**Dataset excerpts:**
*****

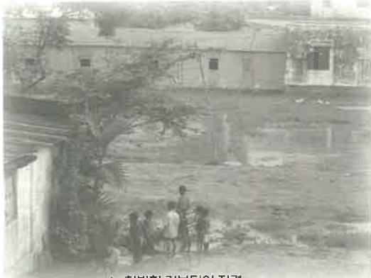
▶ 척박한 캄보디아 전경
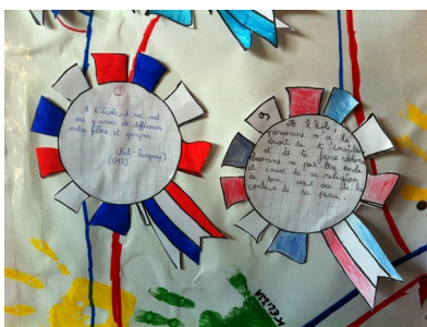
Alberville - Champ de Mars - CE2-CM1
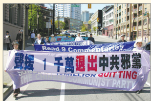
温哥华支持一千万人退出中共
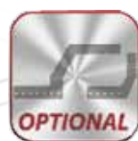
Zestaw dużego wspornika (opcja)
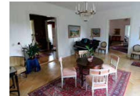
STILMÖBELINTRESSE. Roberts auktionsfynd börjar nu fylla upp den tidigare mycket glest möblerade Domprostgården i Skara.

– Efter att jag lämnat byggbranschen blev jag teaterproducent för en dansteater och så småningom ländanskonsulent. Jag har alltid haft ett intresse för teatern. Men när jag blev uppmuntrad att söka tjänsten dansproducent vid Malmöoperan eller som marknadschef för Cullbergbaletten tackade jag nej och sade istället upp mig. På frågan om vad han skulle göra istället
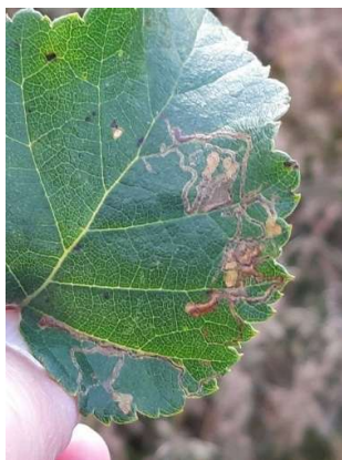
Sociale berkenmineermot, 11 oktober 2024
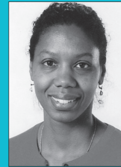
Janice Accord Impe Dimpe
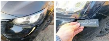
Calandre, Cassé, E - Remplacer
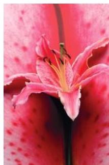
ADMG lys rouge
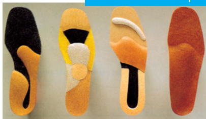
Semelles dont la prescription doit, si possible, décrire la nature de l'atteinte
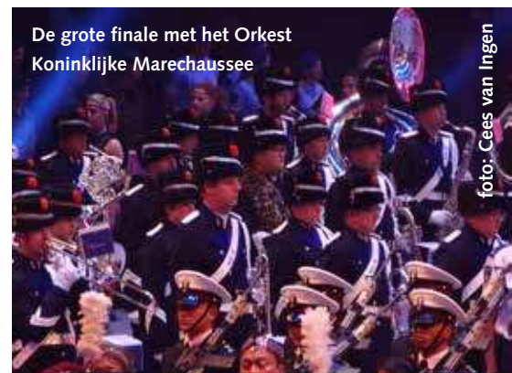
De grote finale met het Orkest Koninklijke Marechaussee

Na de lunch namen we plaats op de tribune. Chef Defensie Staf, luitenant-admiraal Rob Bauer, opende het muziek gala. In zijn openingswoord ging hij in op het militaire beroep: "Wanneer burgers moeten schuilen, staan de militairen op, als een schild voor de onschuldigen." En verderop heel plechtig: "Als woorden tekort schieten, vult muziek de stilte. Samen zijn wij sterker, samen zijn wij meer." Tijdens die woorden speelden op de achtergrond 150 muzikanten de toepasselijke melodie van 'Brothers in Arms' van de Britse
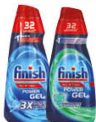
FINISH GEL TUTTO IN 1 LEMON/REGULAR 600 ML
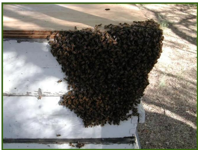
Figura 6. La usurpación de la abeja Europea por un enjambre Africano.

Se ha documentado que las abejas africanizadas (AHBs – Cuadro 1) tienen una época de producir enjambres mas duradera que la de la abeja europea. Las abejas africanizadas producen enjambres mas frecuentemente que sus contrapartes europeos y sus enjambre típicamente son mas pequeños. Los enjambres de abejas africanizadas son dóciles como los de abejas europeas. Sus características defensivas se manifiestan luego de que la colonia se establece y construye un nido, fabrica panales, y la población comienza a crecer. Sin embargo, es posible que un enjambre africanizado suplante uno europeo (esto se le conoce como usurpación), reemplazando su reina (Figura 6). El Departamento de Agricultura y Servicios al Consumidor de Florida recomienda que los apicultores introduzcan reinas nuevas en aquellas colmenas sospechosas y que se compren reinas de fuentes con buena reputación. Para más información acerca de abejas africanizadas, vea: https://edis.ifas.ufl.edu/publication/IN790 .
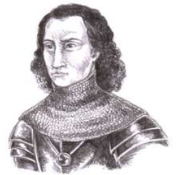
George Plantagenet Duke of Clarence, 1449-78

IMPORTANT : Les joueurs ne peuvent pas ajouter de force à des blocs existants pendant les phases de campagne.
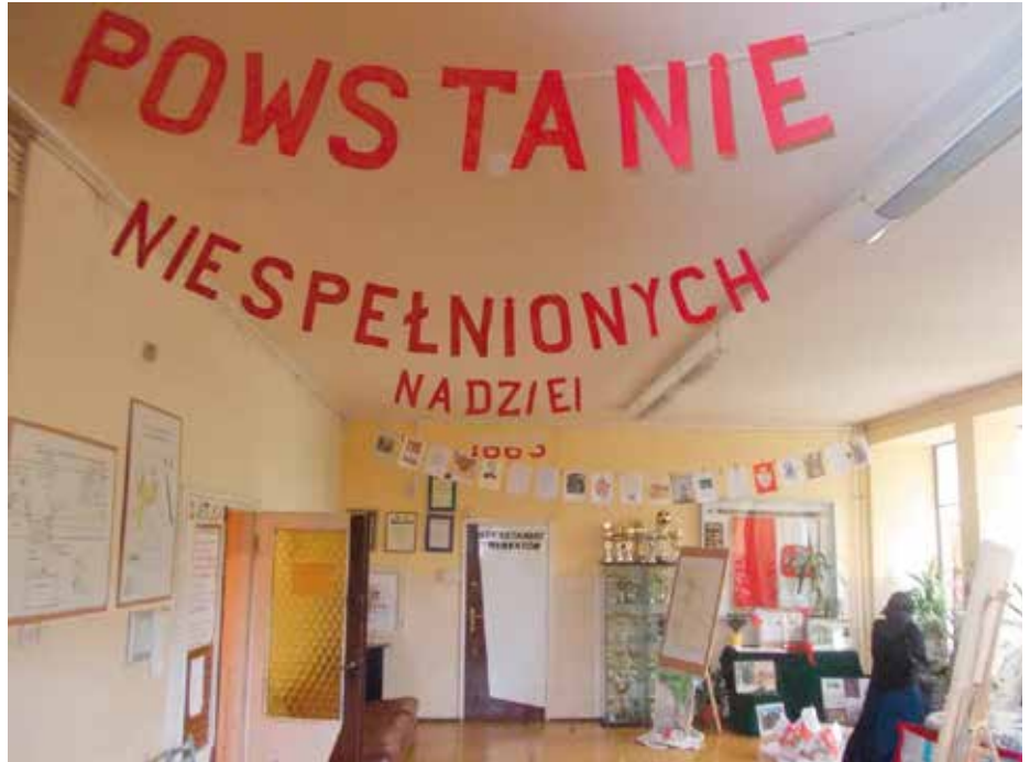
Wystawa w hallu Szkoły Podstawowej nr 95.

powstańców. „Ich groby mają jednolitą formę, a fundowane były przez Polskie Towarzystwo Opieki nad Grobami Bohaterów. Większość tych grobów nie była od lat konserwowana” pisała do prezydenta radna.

*****

**Instructions to follow:**
Only the lines above starting with the line with "ADMG lys rouge" and going on through the line with "De grote finale" belong in the answer; repeat them exactly, minus any picture.

**Written answer:**
ADMG lys rouge
Semelles dont la prescription doit, si possible, décrire la nature de l'atteinte
De grote finale met het Orkest Koninklijke Marechaussee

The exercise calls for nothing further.